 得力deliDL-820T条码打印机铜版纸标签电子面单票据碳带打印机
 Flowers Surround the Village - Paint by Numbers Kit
==
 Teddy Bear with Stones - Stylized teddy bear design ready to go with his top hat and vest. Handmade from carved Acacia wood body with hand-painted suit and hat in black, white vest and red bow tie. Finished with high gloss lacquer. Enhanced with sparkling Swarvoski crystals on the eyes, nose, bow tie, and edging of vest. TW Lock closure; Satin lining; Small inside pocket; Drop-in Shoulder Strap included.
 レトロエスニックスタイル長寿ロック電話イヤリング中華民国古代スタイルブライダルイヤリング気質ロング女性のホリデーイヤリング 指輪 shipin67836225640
--
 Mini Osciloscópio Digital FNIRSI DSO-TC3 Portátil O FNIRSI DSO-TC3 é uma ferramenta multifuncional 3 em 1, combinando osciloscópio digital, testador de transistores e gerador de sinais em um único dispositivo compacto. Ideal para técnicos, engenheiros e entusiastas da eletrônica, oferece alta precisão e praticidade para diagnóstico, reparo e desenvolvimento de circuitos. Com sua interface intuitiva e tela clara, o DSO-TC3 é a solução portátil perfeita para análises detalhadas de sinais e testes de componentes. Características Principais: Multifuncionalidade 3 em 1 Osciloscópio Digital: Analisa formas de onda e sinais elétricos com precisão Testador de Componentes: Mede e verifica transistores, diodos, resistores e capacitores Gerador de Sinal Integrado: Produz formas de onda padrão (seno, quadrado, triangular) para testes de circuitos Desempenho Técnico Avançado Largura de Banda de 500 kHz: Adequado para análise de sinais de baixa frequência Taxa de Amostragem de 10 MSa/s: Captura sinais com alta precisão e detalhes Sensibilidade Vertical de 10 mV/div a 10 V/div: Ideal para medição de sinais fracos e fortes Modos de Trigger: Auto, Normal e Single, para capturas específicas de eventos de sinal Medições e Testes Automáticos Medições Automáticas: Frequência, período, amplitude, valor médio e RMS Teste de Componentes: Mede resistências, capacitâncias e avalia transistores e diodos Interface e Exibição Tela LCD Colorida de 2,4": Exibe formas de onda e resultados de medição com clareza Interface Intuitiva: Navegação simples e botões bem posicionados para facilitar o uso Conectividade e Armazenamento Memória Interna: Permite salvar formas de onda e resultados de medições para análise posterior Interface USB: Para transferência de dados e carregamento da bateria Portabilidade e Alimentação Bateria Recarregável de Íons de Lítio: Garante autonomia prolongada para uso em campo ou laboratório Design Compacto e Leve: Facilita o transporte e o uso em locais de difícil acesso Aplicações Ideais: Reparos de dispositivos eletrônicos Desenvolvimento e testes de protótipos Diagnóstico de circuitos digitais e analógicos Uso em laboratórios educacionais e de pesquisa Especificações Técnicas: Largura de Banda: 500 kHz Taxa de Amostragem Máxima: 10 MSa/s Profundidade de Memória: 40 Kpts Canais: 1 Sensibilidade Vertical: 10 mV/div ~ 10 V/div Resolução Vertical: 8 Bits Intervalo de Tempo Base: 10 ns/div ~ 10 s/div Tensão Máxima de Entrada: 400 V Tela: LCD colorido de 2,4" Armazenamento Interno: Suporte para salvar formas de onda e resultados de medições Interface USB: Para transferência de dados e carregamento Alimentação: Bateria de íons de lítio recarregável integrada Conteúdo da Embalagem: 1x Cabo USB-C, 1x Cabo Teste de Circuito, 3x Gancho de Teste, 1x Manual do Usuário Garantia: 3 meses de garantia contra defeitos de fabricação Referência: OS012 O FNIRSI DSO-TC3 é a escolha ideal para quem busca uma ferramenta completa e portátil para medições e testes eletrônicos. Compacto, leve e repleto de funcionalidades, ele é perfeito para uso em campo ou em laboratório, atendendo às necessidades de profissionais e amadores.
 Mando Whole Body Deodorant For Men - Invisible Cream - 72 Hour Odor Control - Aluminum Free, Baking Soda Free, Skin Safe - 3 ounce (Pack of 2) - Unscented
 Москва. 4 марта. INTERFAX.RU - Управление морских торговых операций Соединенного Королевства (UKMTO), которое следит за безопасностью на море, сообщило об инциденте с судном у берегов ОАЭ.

* Assignment
As listed above, the lines from the line with "得力deliDL-820T条码打印机铜版纸标签电子面单票据碳带打印机" to the line with "Flowers Surround the" are to be echoed exactly, with both ends included and nothing added.

* Task solution
 得力deliDL-820T条码打印机铜版纸标签电子面单票据碳带打印机
 Flowers Surround the Village - Paint by Numbers Kit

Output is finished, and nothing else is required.